Er hatte 3 Brüder, die alle hübscher, größer und interessanter waren als er.
In seiner früheren Schule bemerkte man gewöhnlich nicht, wenn er fehlte.
Das hatte natürlich auch Vorteile, Lear hatte sich zumindest immer eingeredet es wäre so, aber irgendwann kommt ein unauffälliger Menschan den Punkt seines Lebens, an dem er es Leid ist, ständig übergangen zu werden.
Und genau an diesem punkt von Lears unaffälligem Leben kam Anna.
Sie war wie eine schimmernde, bunte, fremdartige Blume, sie war ein helles Licht, und starkes Individuum, sie war ein leuchtender Planet, um den sich alles drehte.
Sie war, ''wie klischeehaft'', dachte Lear immer, das genaue Gegenteil von ihm.

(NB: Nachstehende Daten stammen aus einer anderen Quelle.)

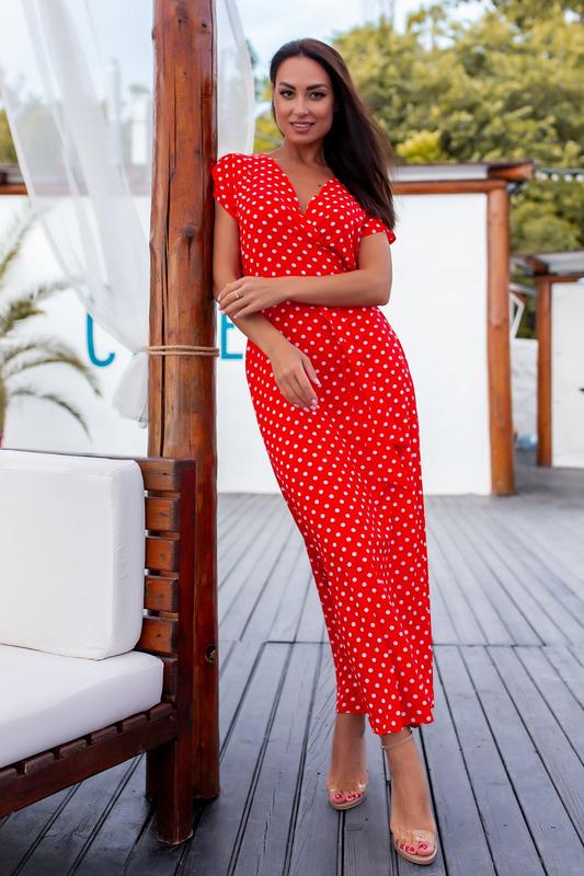 💥💥💥НОВИНКА💥💥💥 Модель:1135 Розміри:50,52,54,56 Тканина:євро софт Кольори в асортименті. Дрібний горох Сукню на запах, врізні кишені. Ціна:460 грн

Sie war perfekt, und als Lear keinen Ausweg aus dem Teufelskreis seiner eigenen Unscheinbarkeit mehr wusste, war Anna die perfekte Lösung
Und es kam noch besser, denn für Anna war Lear auf eine unerklärliche Art und Weise interessant. Niemand der davon hörte hatte Verständnis, doch am wenigsten verstand Lear, aber er wollte sich nicht anmaßen die Liebe zu vertsehen.
Auf jeden Fall ging diese ungewöhnliche Verbindung erstaunlich lange gut, was allerdings auch daran lag, dass Lear stets hart arbeiten musste um Annas Lebensstil zu finanzieren, denn je älter sie wurde, desto krampfhafter versuchte sie weiter aufzufallen, doch das Alter machte ihr einen Strich durch die Rechnung.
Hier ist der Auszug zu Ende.